Hacker News new | ask | show | jobs
by lmm 4603 days ago
It's a big, ambitious update. The biggest difference is forcing users to distinguish between strings and byte sequences; essentially programs now have to be encoding-aware (at least if they use any of the standard library functions). Which is a Good Thing, but can require a ton of work for existing codebases.
2 comments

It's not that ambitious- none of the changes are particularly compelling, none of them scream "update now".

It does, on the other hand, break backwards compatibility. Which is why hardly anyone updated.

Maybe not in the world of ASCII, but the new Unicode system scream seems pretty loud to me.
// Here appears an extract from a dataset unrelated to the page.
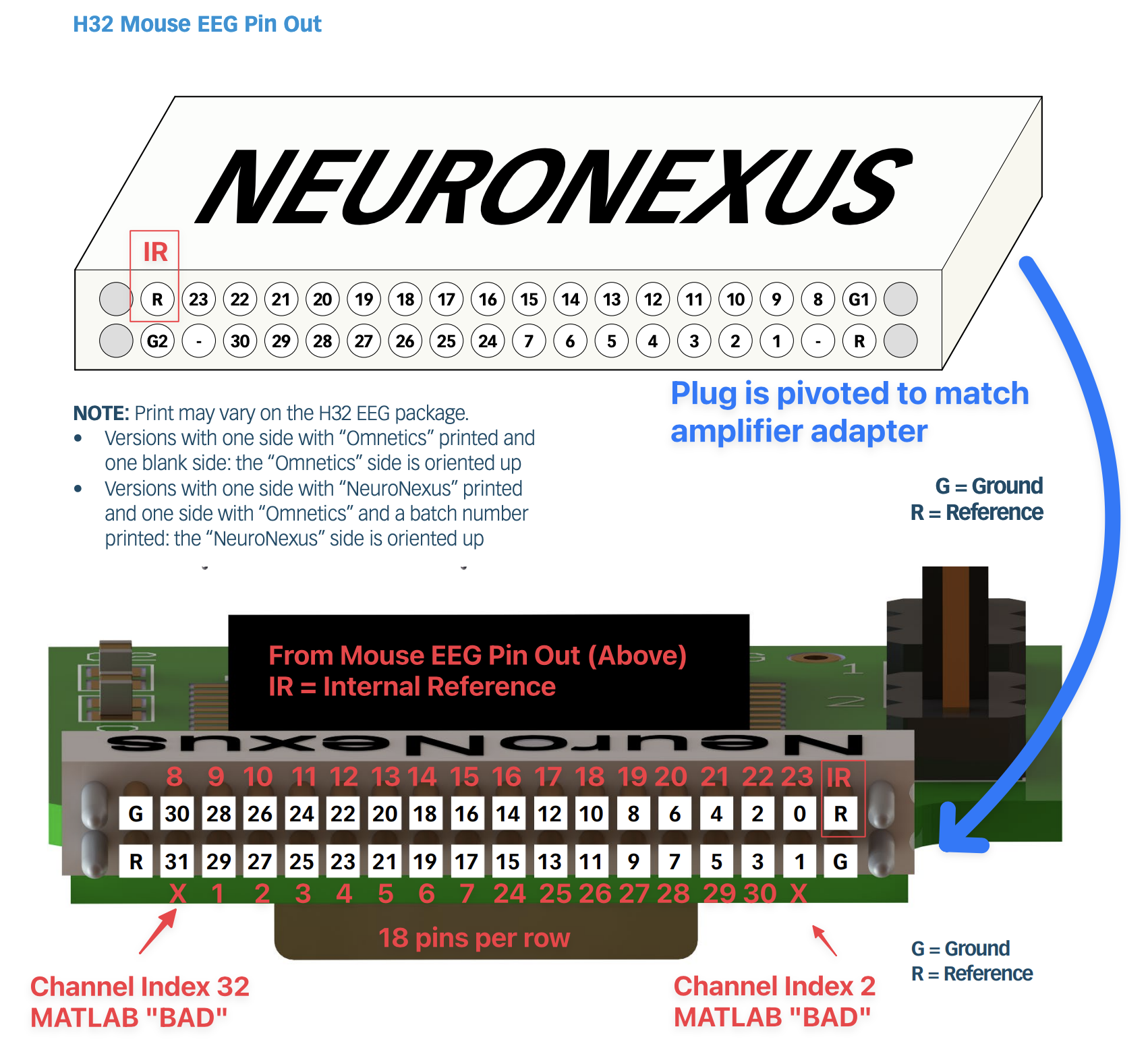 The Neuronexus EEG Pin Out must be rotated to match the Amplifier Adapter Pin Out. To make it easier to visualize the matching channels, I have added red EEG channel number labels to the Amplifier Adapter Pin Out. Importantly, you can see that the Mouse 30-lead EEG leaves two channels unconnected (pri_1 and pri_31). This now clearly visible in the adapter image.

When I decided to use pelican for a non-English blog, I thought it would be piece of cake; just changing the theme and plugging a calendar converter and I would be done with it. In reality, I had to fork pelican and the calendar library (which was not well-maintained) and bang my head to the wall for three days to make them work together, all because of the whole string/unicode seperation and the fact that things work automagically as long as you're just using ASCII.

Does this get easier or harder in python 3?
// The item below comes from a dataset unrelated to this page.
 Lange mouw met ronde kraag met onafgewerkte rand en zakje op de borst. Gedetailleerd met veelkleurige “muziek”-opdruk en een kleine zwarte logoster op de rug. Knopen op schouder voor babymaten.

I like the explicit separation that Racket has between "here is a buffer of binary data" and "here is a sequence of Unicode characters," and (looking on the outside without working with it), I'm glad that Python 3 began to adopt some of that.

smnrchrds's case of fixing someone else's ASCII assumption gets easier, because the code probably would not have been written that way.

In Python 2, it's really easy to write code that confuses bytes and characters, which introduces bugs and crashes when non-ASCII characters show up.

In Python 3, they made it easier to work with Unicode, because it's the default for everything, and much harder to confuse bytes and characters, because of that separation between the data types.

ding ding ding!! It was not ambitious enough for breaking backward compatibility.
I've seen many programmers having trouble with this. But it's essential when using UTF-8, because sgtring presentations length might be is different from byte length. So byte != char != int (0-255). It's hard to get for some coders who are used that all of those datatyps are the same.